Once, when Katherine had been particularly snotty about how other mothers had real jobs and how she would never be caught dead ironing a man’s shirts or how her life would have much more meaning than scrubbing floors every Friday morning, her mother sent her to her room and then summoned her out an hour later with something that Katherine still considers remarkable but surely did not at the moment it was happening.

“Sit down,” her mother ordered after she led her back to the kitchen table. “Sit down, Katherine, and listen.”

Katherine listened. She listened while her mother told her that the kitchen table was her office desk and that everything she saw in the house was her business territory. She listened while her mother rolled out a piece of paper that was her associate’s degree from the local business college and she listened when her mother talked about life choices and how everyone’s call to service was different.

“My mother was a drunk,” Katherine heard her mother say. This was something so distant from what she had been led to believe about her grandmother that she dared not breathe. “I never told you this. I never told you how she locked me in my room and how I saw her crawling across the floor spattered with vomit or how I never once when I was a little girl had a hot meal, or clean clothes to wear, or someone to hold my hand and read me a story at night.”

Katherine remembers crying softly during the telling of this story so that she would not make a sound, so that her mother would go on and unwrap the secret that she had kept locked inside of herself for such a long time.

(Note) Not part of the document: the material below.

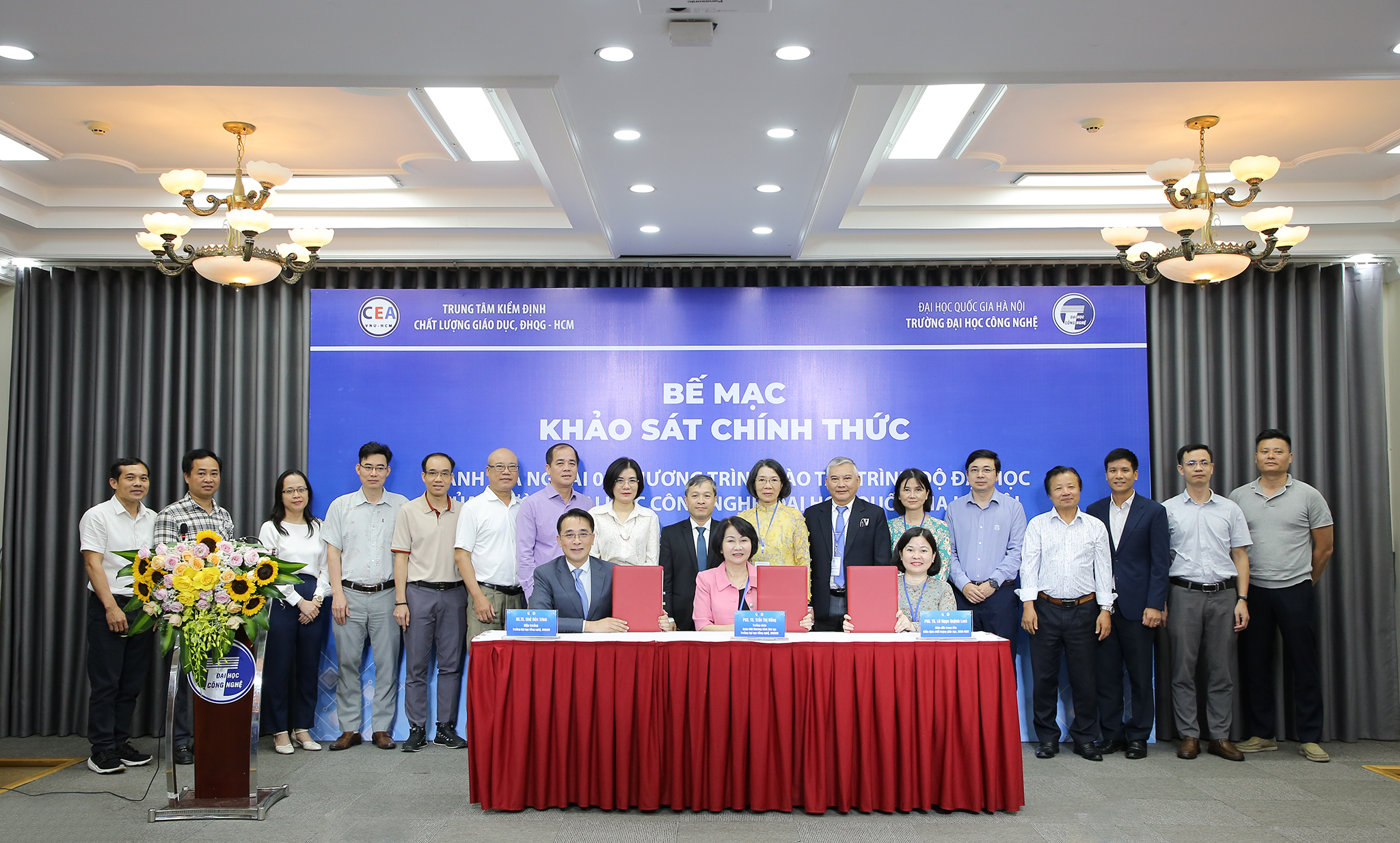 Cuối phiên bế mạc, đại diện Trường ĐH Công nghệ – ĐHQGHN, Đoàn đánh giá ngoài và Trung tâm KĐCLGD Đại học Quốc gia TP. Hồ Chí Minh đã cùng nhau ký biên bản hoàn thành đợt khảo sát chính thức 02 CTĐT theo tiêu chuẩn của Bộ Giáo dục và Đào tạo.

“Once,” her mother told her, looking out the window that was above the kitchen sink, “once when I was locked in my room by an outside bolt that she had installed during a brief moment of sobriety, I heard my parents fighting and I stood on top of my dresser. I looked out my bedroom window and I saw our neighbor holding her daughter and twirling her in circles in the side yard. I saw that the little girl had on a new jacket and that her hair was braided and that her mother couldn’t stop smiling. Her mother was smiling and I dropped from the dresser into my bed of dirty sheets and I cried for so long that my eyes swelled shut.”